Input:
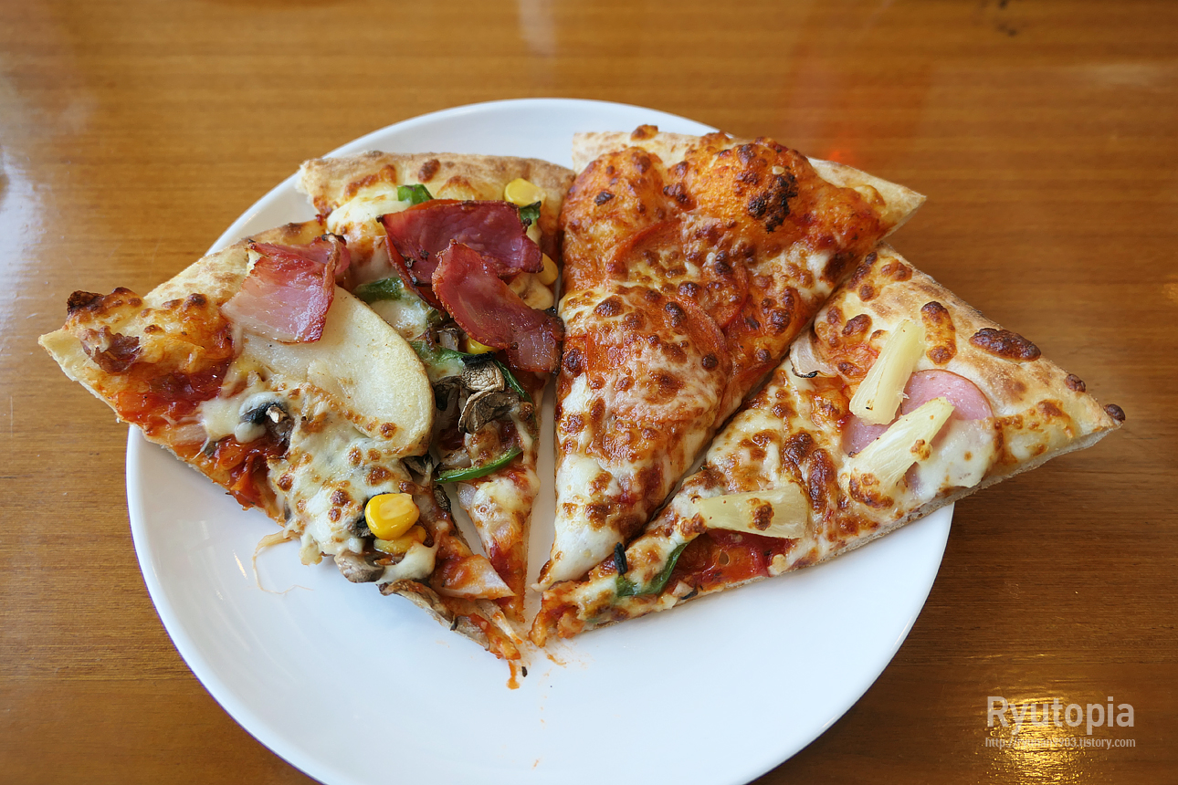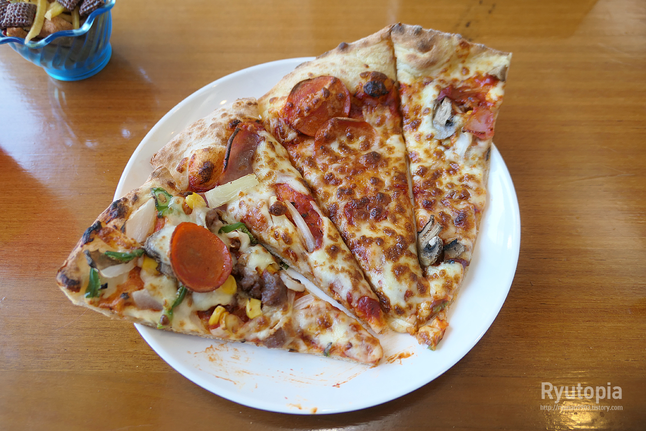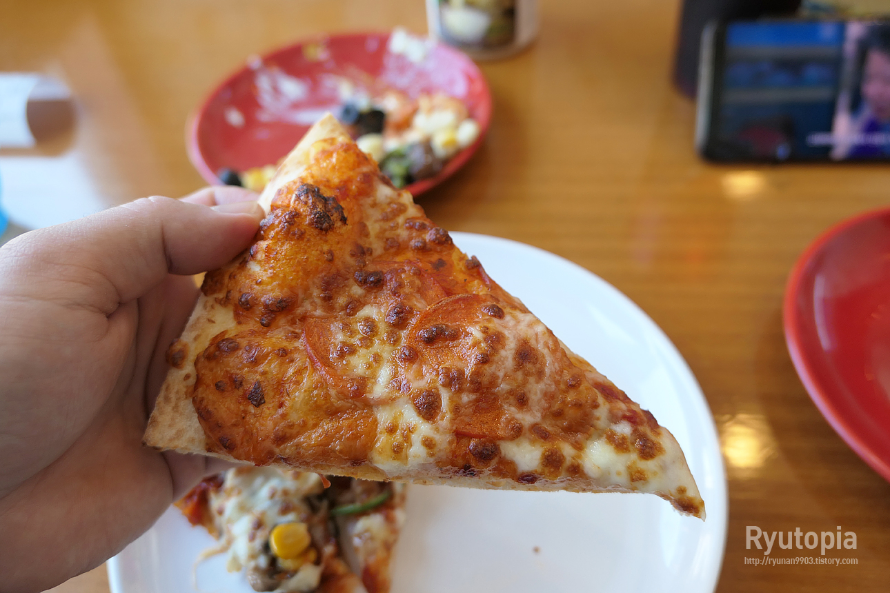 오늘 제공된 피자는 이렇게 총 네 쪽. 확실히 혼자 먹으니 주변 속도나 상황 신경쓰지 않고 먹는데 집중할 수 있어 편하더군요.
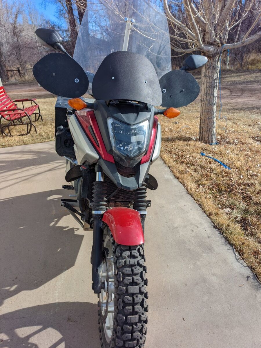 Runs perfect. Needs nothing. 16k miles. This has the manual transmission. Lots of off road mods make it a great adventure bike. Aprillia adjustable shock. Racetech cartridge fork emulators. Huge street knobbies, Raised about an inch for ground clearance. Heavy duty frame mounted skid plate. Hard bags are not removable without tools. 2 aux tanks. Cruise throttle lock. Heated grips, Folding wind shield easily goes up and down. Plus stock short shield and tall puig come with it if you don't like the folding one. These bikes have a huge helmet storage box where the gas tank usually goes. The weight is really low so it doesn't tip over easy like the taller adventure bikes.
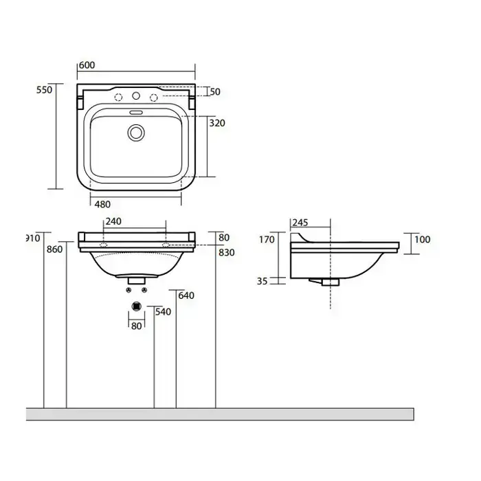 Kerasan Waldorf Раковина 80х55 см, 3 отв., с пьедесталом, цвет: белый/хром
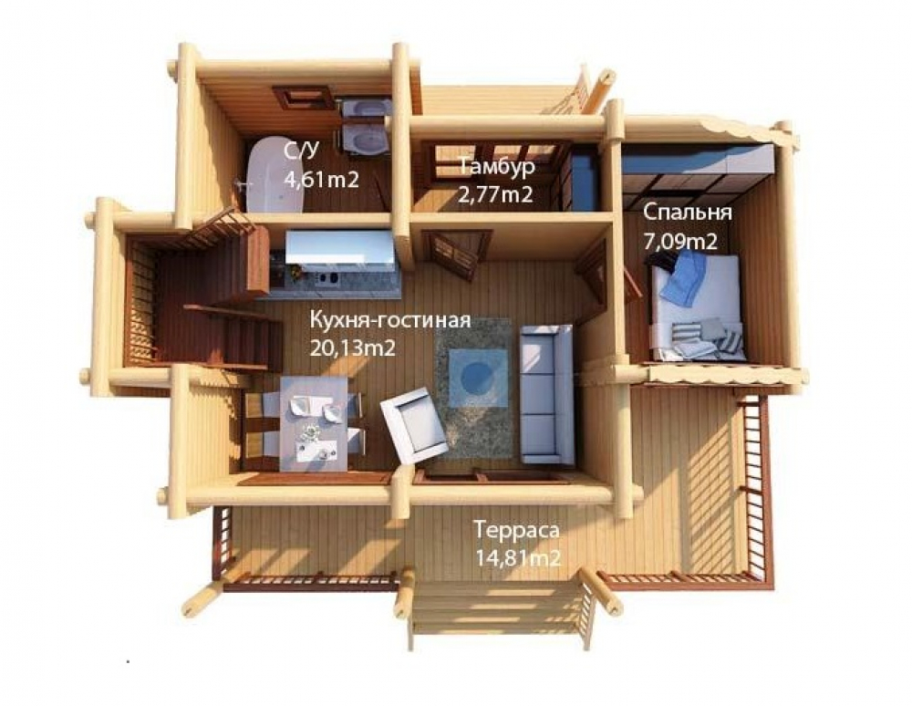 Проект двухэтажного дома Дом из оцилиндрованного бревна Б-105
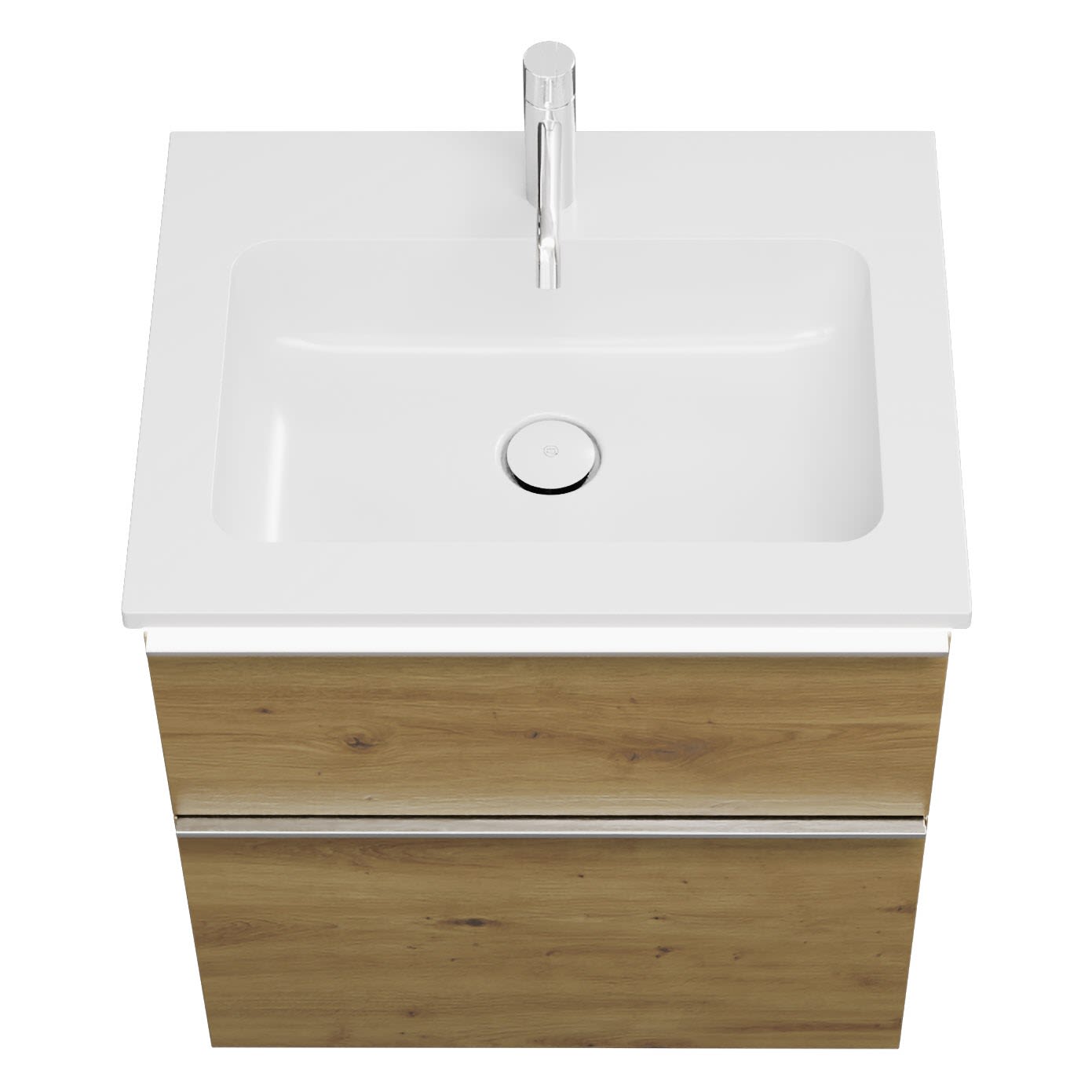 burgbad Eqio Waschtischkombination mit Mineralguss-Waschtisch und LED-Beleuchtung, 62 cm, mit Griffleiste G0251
---
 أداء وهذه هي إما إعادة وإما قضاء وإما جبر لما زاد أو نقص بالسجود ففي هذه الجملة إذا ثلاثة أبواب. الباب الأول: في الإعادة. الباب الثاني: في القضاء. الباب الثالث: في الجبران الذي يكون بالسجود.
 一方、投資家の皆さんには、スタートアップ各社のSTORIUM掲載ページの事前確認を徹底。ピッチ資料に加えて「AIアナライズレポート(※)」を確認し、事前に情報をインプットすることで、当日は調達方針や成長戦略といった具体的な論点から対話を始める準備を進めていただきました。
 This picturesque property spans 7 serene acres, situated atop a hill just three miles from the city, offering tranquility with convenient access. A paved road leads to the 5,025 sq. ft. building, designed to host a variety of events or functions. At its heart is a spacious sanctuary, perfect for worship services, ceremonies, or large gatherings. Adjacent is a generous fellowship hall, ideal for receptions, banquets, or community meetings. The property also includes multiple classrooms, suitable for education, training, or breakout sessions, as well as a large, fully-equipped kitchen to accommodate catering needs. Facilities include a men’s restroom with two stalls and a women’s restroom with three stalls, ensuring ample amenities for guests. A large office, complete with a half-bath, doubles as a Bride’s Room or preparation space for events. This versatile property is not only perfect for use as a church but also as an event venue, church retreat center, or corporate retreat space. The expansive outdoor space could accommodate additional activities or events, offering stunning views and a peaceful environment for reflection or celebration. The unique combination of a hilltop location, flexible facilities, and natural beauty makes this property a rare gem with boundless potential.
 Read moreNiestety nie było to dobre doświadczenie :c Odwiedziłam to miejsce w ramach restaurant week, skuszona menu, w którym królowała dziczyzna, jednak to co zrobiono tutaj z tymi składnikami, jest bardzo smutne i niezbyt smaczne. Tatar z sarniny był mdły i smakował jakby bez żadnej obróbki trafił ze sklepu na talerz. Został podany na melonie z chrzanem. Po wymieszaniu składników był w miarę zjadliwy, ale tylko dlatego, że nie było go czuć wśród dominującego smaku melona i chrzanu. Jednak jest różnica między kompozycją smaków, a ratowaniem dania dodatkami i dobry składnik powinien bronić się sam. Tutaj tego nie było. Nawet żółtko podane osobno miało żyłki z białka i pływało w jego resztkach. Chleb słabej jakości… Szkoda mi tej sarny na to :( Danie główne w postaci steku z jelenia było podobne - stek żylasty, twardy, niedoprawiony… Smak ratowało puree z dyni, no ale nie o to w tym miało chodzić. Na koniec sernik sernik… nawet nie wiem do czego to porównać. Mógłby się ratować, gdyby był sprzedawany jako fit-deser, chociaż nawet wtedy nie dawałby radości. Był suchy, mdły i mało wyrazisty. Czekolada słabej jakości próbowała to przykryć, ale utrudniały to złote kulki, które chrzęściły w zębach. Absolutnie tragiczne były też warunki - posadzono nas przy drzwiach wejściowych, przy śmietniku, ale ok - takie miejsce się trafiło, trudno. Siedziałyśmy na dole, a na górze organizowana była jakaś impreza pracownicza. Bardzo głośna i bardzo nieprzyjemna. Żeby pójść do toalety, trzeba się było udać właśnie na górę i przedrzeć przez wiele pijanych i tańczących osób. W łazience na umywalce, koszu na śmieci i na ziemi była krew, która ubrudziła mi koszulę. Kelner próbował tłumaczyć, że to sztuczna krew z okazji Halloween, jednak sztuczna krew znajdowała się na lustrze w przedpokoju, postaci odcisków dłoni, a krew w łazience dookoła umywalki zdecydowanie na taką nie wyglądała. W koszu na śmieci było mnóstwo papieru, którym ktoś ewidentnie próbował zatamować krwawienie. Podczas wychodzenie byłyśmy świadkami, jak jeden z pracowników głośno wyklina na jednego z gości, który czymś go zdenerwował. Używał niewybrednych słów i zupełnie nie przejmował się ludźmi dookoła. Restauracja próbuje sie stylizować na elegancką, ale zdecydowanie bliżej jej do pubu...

Task objective: Retype exactly the lines above, from the one with "一方、投資家の皆さんには、ス" through the one with "This picturesque property", inclusive.

Exercise response:
 一方、投資家の皆さんには、スタートアップ各社のSTORIUM掲載ページの事前確認を徹底。ピッチ資料に加えて「AIアナライズレポート(※)」を確認し、事前に情報をインプットすることで、当日は調達方針や成長戦略といった具体的な論点から対話を始める準備を進めていただきました。
 This picturesque property spans 7 serene acres, situated atop a hill just three miles from the city, offering tranquility with convenient access. A paved road leads to the 5,025 sq. ft. building, designed to host a variety of events or functions. At its heart is a spacious sanctuary, perfect for worship services, ceremonies, or large gatherings. Adjacent is a generous fellowship hall, ideal for receptions, banquets, or community meetings. The property also includes multiple classrooms, suitable for education, training, or breakout sessions, as well as a large, fully-equipped kitchen to accommodate catering needs. Facilities include a men’s restroom with two stalls and a women’s restroom with three stalls, ensuring ample amenities for guests. A large office, complete with a half-bath, doubles as a Bride’s Room or preparation space for events. This versatile property is not only perfect for use as a church but also as an event venue, church retreat center, or corporate retreat space. The expansive outdoor space could accommodate additional activities or events, offering stunning views and a peaceful environment for reflection or celebration. The unique combination of a hilltop location, flexible facilities, and natural beauty makes this property a rare gem with boundless potential.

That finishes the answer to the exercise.